Labor Day Saturday, 2012
Labor Day weekend 2012. Grace and I pulled two of the lounge chairs on my parents’ back porch into the shade and sat down to read. She was utterly absorbed in Judy Blume’s Sheila the Great, and I was re-reading an old favorite, Anne Lamott’s Operating Instructions. The sky above us was the saturated cornflower blue that I associate with late August, and once in a while I looked up from my book to watch a cloud skid across the sky. The day felt elegaic, swollen with summer’s end, with awareness of earth’s turning towards autumn.
I put my book down on my lap and looked over at Grace. I studied her, the planes and angles of her face as familiar as my own. Though we were in the shade I could see the spiky shadows her eyelashes cast on her cheeks. Her deep pink lips were pursed slightly as she concentrated on her book. She must have sensed me looking at her because she turned to me with a quizzical look. “What, Mummy?”
“Oh, nothing, G. I was just looking at you.” She smiled at me and leaned her head back against the headrest of the chair. “Look at that blue sky.”
She looked up. My children are both accustomed to my stopping in my tracks to look at the sky, and often to photograph it. “Mmmm, yes.” I heard her say under her breath as she gazed at the sky. Something broke over me like a wave, nostalgia and sorrow and deep joy, and I mourned the loss of this moment even as I sat right in the middle of it. Awareness of all that is already over tightened like a band around my chest, and I felt short of breath.
“Grace, I love you, you know.”
“Oh, Mum,” her eyes widened with surprise. “I know! I love you too.”
“Good.” I blinked quickly, my vision suddenly spangled with tears. “Do you promise you always will, even when you’re a teenager?”
“Yes, I promise.” She nodded vigorously and studied me. “I swear, Mum. Pinky swear.” She held out her pinky. With her other hand, she reached out to lift my sunglasses off my face.
“Are you checking to see if I’m crying?” I smiled, thinking of all the times she’s sighed, resignedly, as I sit in tears in public at a school event.
“No. I just wanted to see your beautiful eyes.”

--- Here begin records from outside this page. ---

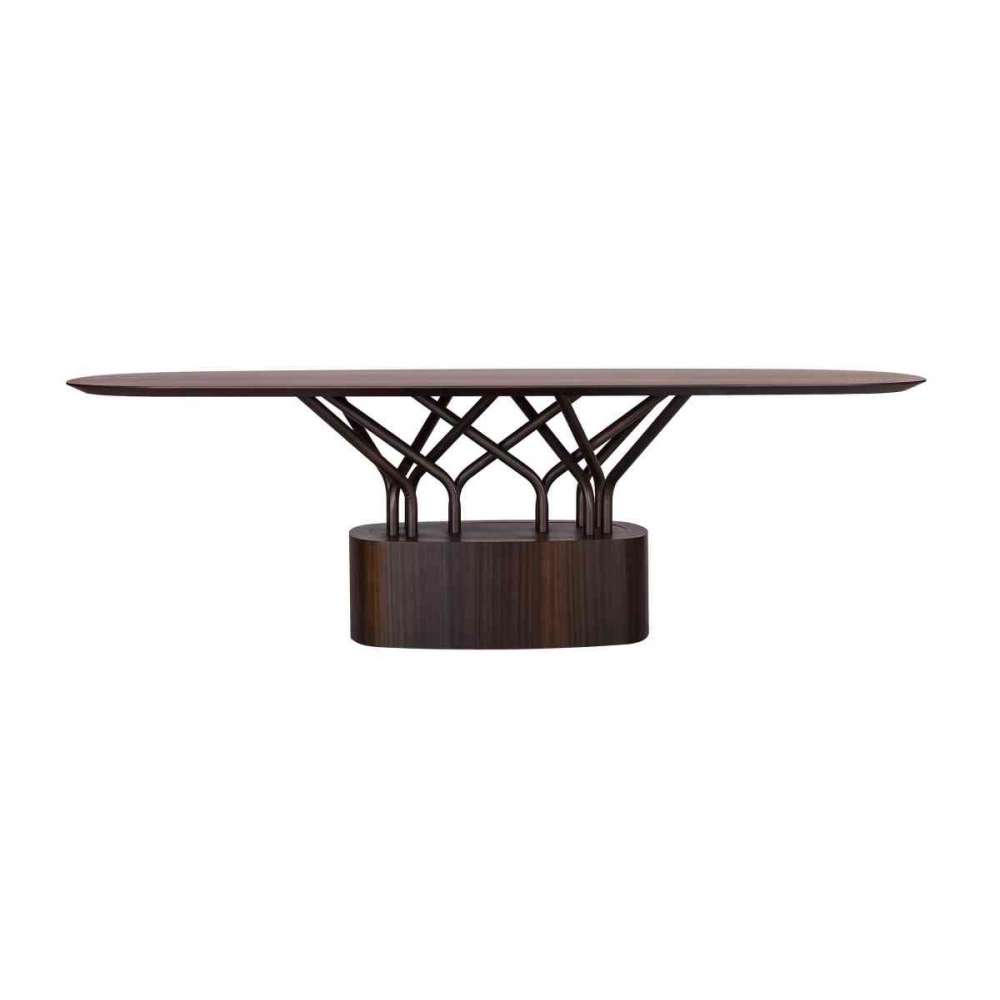 Stół w różnych rozmiarach z wyprofilowanym mydlanym blatem i drewnianą zakrzywioną podstawą ze sklejki. Metalowa podstawa i metalowe elementy podstawy.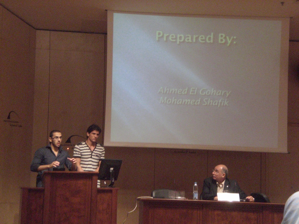 The second presentation was about something that we use every day in our daily life, Oil. Ahmed El Gohari and Mohamed Shafik explained how oil is extracted from beneath earth. They explained the types of soils that could contains petrol as well as they types of drills and rigs and how the drilling process is done.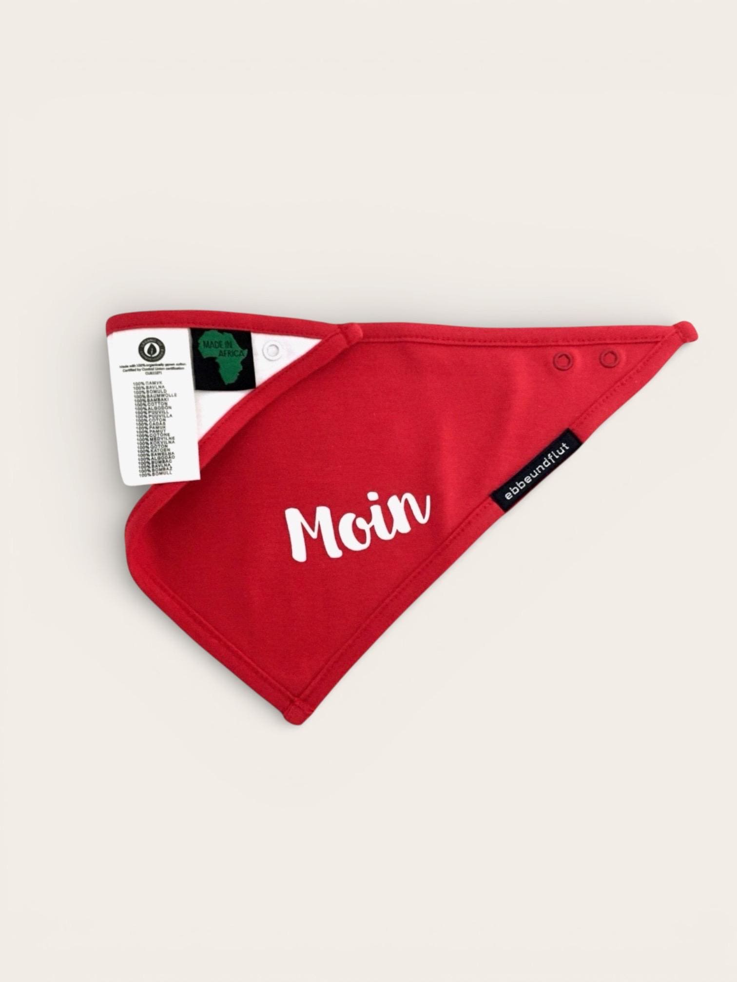 Nautical baby scarf "Moin" in red from our FAIR TRADE HAMBURG collection. The scarf is double-layered for extra durability and absorbency. The width can be adjusted using an adjustable snap fastener on the back.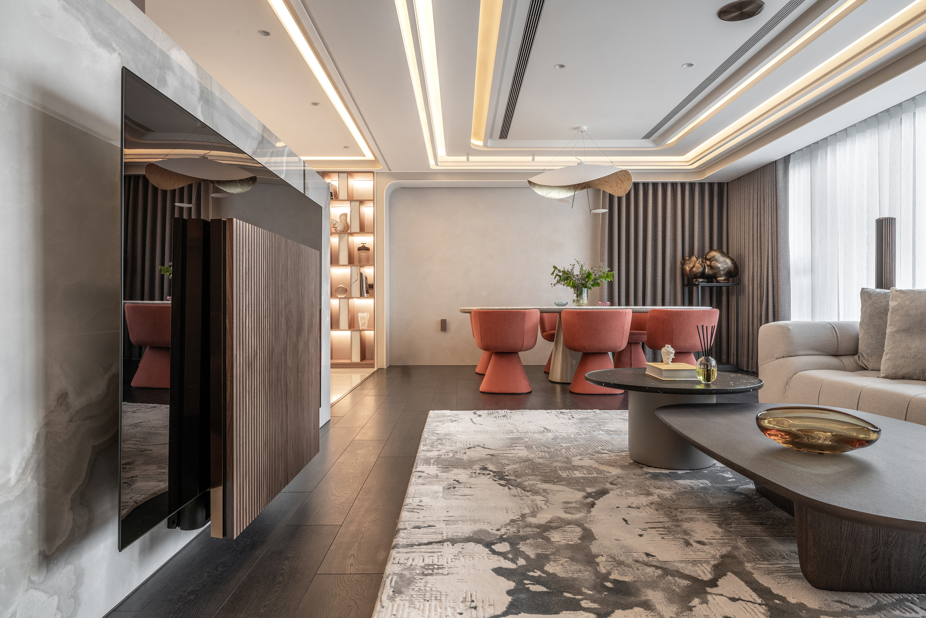 The foundation is like a canvas. We kept plenty of blanks and decorated the white background with balmy furnishing. In light and shadow, each element presented distinctive expressions. Refined linear features achieve striking visual gradations, and different textures define varied functional spaces. Moreover, high-quality fragrance brings double sensational immersion, gently embracing life within details.
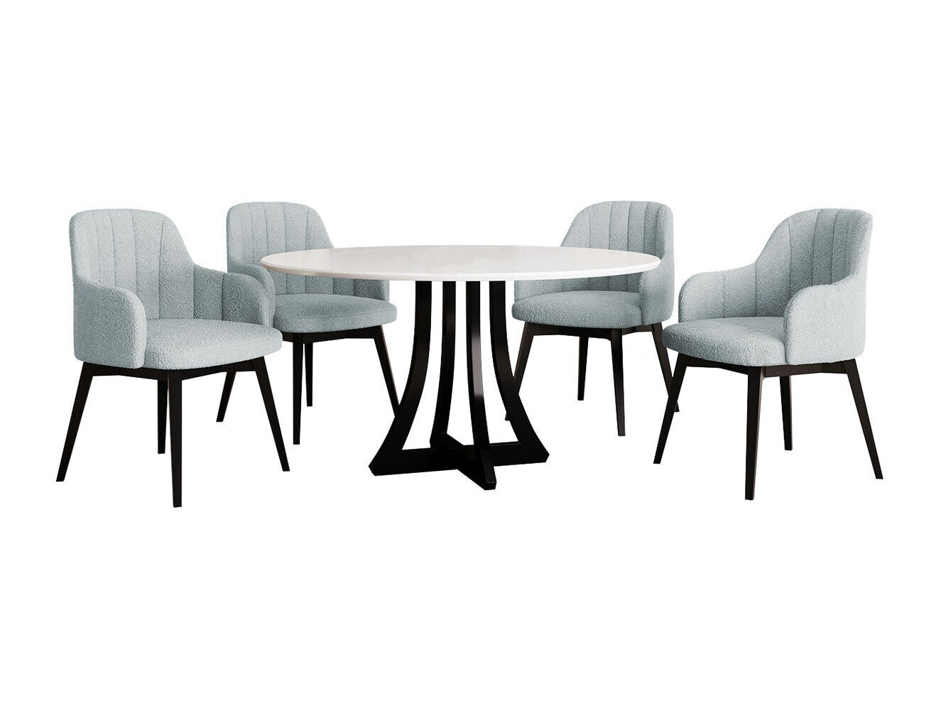 Étkezőgarnitúra Zestaw 05 4xS105 ORION FI, Asztal színe: Fényes fehér + Fényes fekete, Szék színe: Fekete + Baloo 2086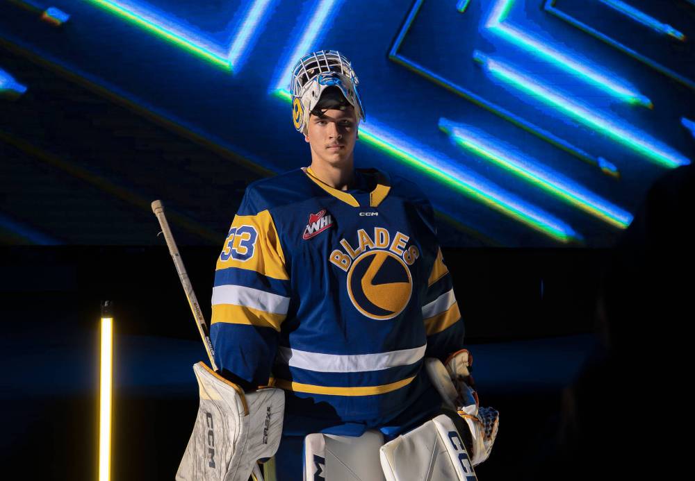 Saskatoon Blades goaltender Ethan McCallum (33) of Brandon is in his third season in the Western Hockey League and second in Bridge City after being traded from the Medicine Hat Tigers. (Steve Hiscock/Saskatoon Blades)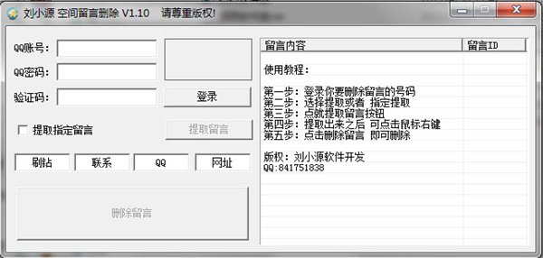 刘小源QQ空间留言删除是专用于删除qq空间留言版的辅助工具。q空间中经常有一些恶意留言,比如说广告图片之类的。还有的是你不想看到的留言,这都可以通过刘小源空间留言删除这款软件来解决!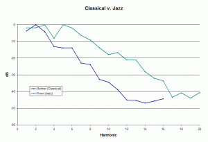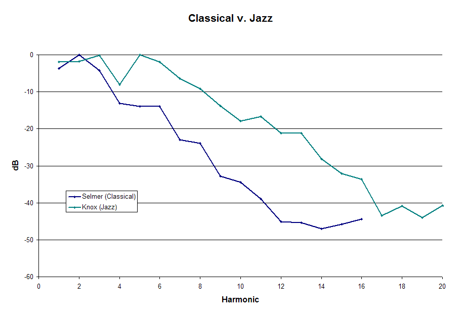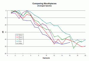 There are several important observations to be noted here. The first is that when comparing the harmonic spectra of a classical mouthpiece (such as the Selmer C*) and a jazz mouthpiece (such as the Knox Custom), there is a noticeable discrepancy between the relative loudness of all harmonics beyond the 4th.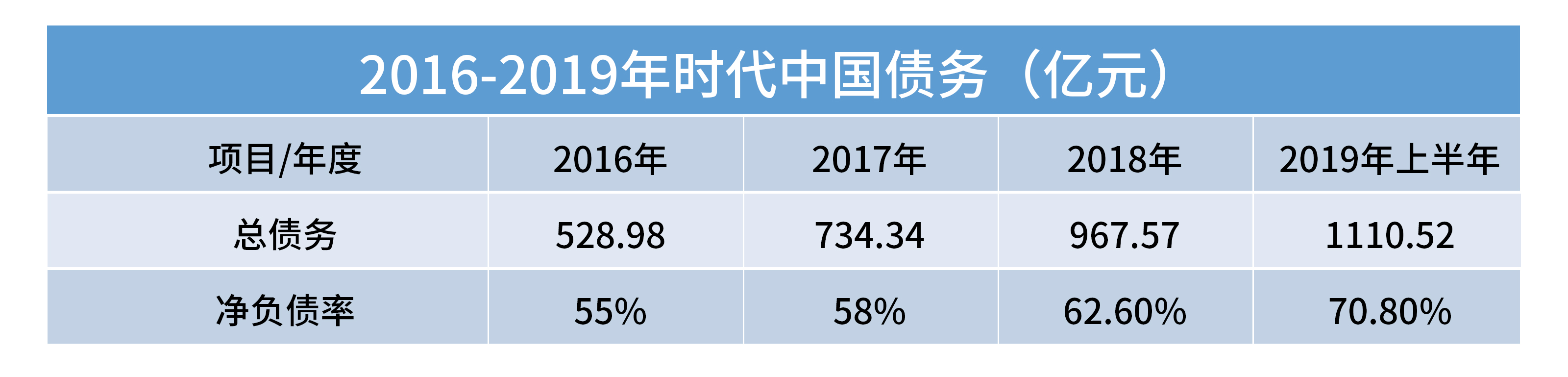 根據(jù)財報數(shù)據(jù),截至2019年6月30日,時代中國總負(fù)債突破千億元達(dá)1110.52億元,資產(chǎn)負(fù)債率則為76.37%,較上年末上升了1.4個百分點。

Grace turned back to her book but I stared up at the sky, fighting my emotion and then, like slipping underneath something, gave into it. They are not long, these days of sitting side by side and reading, these moments when she openly admires me, these moments of pinky swearing, tears, and overwhelming love (well, that part may stay).
Already this is a distant memory, but I am so, so glad I wrote it down at the time.